(EXERCISE INPUT Opens)
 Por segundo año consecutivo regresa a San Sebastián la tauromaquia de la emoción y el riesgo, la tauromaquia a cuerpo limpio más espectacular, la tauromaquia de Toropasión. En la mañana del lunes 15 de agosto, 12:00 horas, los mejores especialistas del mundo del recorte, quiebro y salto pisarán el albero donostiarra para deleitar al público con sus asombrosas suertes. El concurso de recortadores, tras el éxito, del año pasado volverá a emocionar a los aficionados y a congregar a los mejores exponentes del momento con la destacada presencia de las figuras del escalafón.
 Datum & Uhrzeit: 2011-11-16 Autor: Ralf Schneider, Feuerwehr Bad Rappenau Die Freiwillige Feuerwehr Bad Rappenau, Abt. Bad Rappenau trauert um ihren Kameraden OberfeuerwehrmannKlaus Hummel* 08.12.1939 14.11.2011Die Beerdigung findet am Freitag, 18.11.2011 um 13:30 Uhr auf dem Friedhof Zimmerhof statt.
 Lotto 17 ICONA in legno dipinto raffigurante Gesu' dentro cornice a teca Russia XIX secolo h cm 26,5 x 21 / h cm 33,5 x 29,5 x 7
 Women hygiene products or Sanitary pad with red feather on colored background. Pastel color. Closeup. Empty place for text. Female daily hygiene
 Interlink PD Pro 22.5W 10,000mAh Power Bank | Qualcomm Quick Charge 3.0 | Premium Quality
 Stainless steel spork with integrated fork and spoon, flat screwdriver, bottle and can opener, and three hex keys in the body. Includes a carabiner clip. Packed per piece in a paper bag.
(EXERCISE INPUT Closes)
(EXERCISE INPUT Opens)
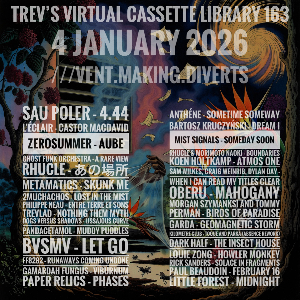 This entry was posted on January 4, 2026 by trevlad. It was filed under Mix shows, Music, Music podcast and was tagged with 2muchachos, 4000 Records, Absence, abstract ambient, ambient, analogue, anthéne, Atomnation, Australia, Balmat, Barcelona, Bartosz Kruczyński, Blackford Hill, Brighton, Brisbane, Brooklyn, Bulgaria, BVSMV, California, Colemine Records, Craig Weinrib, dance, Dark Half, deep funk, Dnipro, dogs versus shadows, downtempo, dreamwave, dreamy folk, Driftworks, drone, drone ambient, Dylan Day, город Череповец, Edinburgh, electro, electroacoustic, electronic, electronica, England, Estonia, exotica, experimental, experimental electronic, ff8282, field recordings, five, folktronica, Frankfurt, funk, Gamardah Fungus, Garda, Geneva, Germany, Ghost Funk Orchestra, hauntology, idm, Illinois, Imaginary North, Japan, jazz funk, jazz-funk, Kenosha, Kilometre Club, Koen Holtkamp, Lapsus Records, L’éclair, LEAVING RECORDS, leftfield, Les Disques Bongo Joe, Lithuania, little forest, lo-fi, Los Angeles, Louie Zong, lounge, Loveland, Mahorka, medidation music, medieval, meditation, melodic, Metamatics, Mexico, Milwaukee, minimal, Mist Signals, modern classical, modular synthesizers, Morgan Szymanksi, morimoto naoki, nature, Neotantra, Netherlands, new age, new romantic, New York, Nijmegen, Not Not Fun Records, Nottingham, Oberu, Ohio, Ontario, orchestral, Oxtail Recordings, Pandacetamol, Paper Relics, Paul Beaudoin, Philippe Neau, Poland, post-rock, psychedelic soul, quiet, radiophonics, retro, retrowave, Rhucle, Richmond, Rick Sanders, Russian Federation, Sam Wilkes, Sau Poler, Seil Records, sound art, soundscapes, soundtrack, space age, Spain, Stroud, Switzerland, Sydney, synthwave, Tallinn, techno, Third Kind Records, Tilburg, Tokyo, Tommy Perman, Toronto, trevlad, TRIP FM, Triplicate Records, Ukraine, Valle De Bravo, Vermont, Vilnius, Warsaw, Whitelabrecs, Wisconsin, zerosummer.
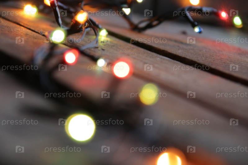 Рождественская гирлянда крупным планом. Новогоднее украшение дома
(EXERCISE INPUT Closes)
(EXERCISE INPUT Opens)
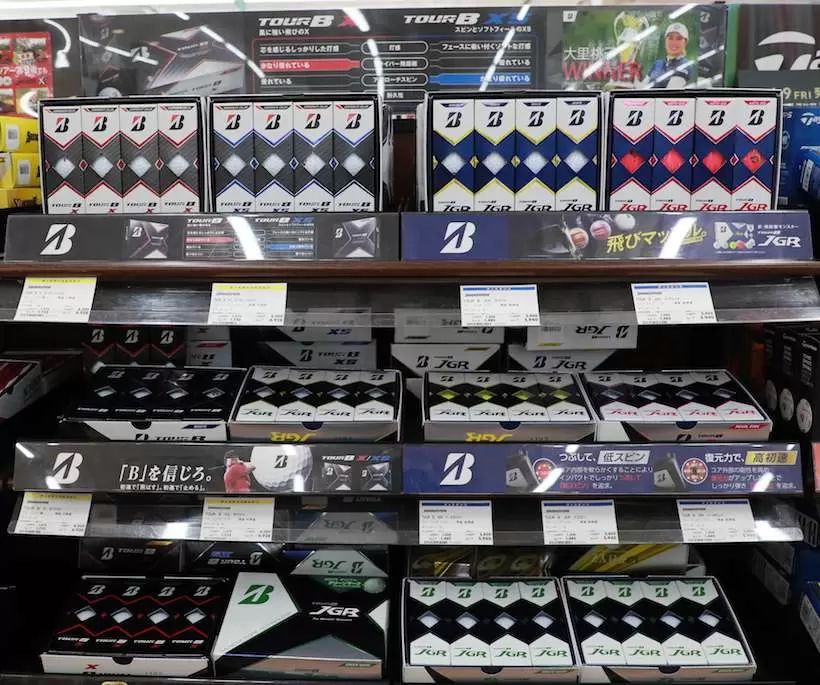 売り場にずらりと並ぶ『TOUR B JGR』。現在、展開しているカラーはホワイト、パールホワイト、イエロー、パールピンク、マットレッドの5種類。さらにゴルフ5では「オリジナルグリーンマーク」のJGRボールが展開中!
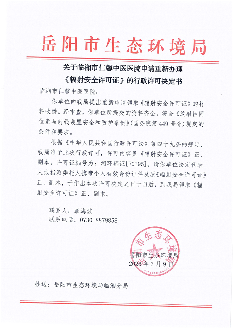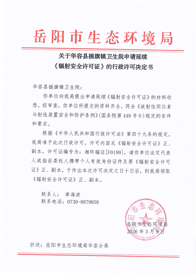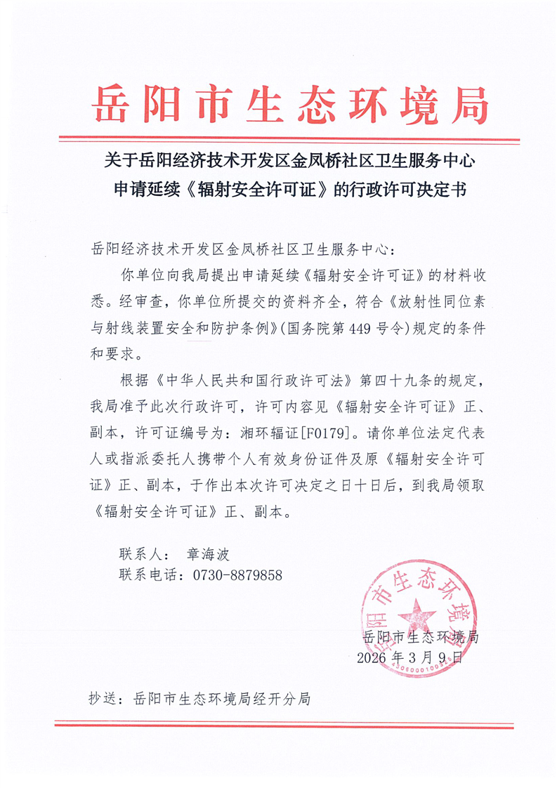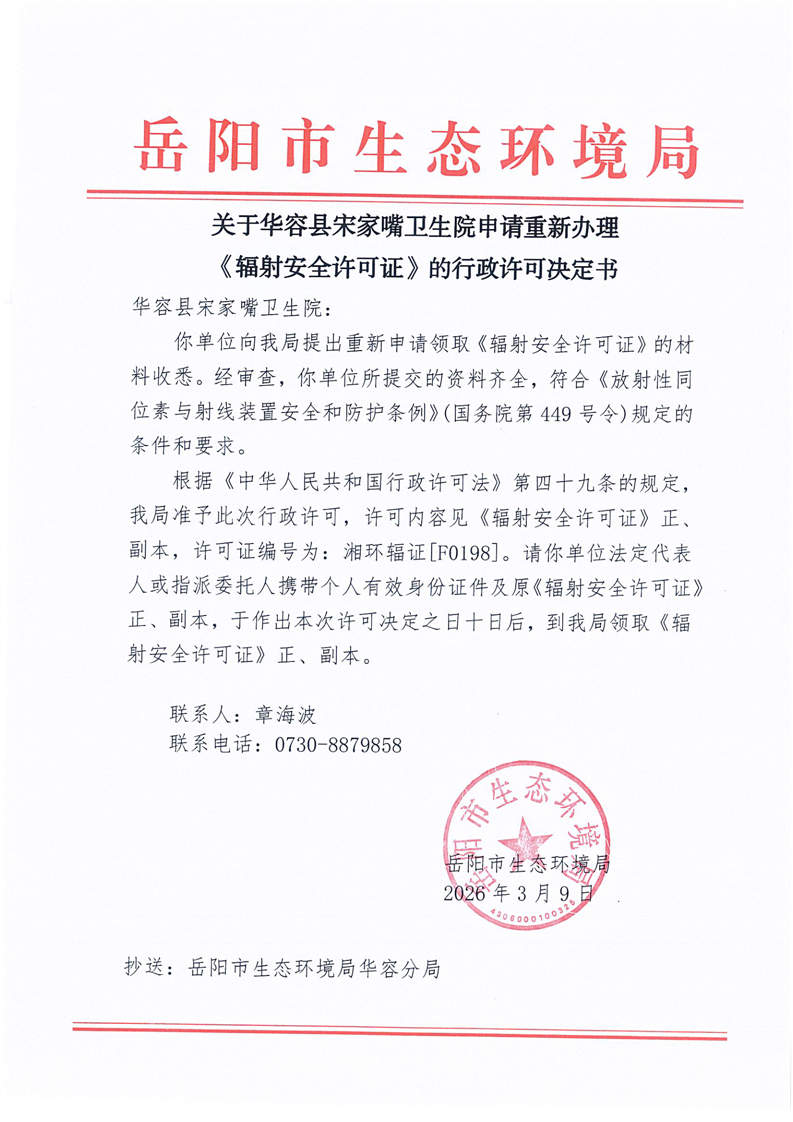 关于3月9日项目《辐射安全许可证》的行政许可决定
(EXERCISE INPUT Closes)
▸ **TASK DIRECTIONS**
Using the material above, transcribe exactly the lines from the line with "Interlink PD Pro" to the line with "Stainless steel spork"; both count, and nothing else goes in.

▸ **EXERCISE RESPONSE**
 Interlink PD Pro 22.5W 10,000mAh Power Bank | Qualcomm Quick Charge 3.0 | Premium Quality
 Stainless steel spork with integrated fork and spoon, flat screwdriver, bottle and can opener, and three hex keys in the body. Includes a carabiner clip. Packed per piece in a paper bag.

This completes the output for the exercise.